EXPAND any document compression. 

ISOLATE text strings from formatting commands. 
REMOVE punctuation, linefeeds, and force lower case. 
FILTER embedded commands and very short words. 
COUNT the words used into a data structure. 

SORT the data structure by word popularity. 


ANALYZE the results for excessive word use. 

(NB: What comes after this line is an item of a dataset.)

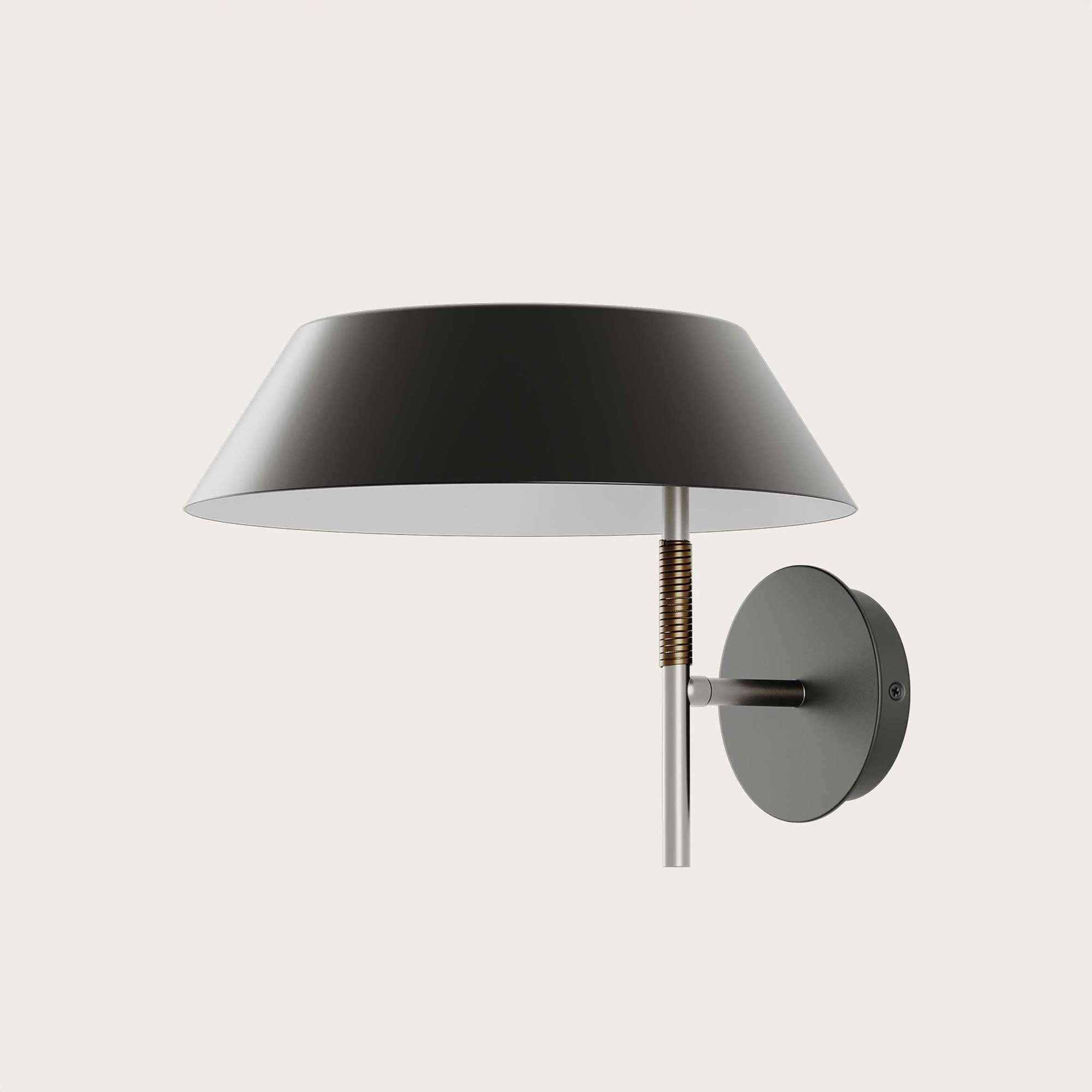 Nástenné svietidlo Aider od španielskej značky Aromas del Campo, ktoré navrhol Arnold Salido, nadväzuje na vizuálny štýl svojich stolových a stojacich variantov a prináša ho v kompaktnej podobe určenej na inštaláciu na stenu. Matný čierny kovový vrchnák vo farbe tienidla slúži ako držiak, z ktorého vyčnieva kovová tyč s jemným ratanovým detailom. Na jej konci je kónické tienidlo v matnej čiernej farbe s bielym vnútrom, ktoré zabezpečuje príjemné a rovnomerné rozptýlenie svetla. Svietidlo je vybavené päticou E27 a dodáva sa so stmievateľnou žiarovkou LED (9 W, 2700 K, 810 lm), ktorá vytvára teplé a útulné osvetlenie ideálne do spální, chodieb alebo obytných priestorov.

Let’s look at these in turn. Details will vary with your document source... 


EXPAND any compression 


My Gonzo routines and most HTML code will not be compressed, so expansion 
should not be needed. Acrobat PDF on the other hand, is usually Flate encoded 
for compactness. 


Your first step to open a .PDF doc for word frequency analysis would be to get an 
uncompressed output. You can do this by printing to disk as level 1, by using a 
disability output option, by using FLATEVUE.PDF in my GuruGram library, or by 
using the newer and much better UcompressPFD.api routine on the Acrobat SDK 
Software Development Kit detailed in STARTSDK.PDF. Which also can be found 
in my GuruGram library. 


ISOLATE text strings 


Except for ordinary text files, your source doc will probably be a mix of printable 
words and embedded formatting and layout commands. Your next goal should 
be to extract only those "words" in your doc that are actually going to appear on 
screen or in print. In the case of a HTML page, chances are you can remove most 
of the unwanteds by eliminating anything between pairs of < and > brackets. 
Other sources may require wildly different techniques. 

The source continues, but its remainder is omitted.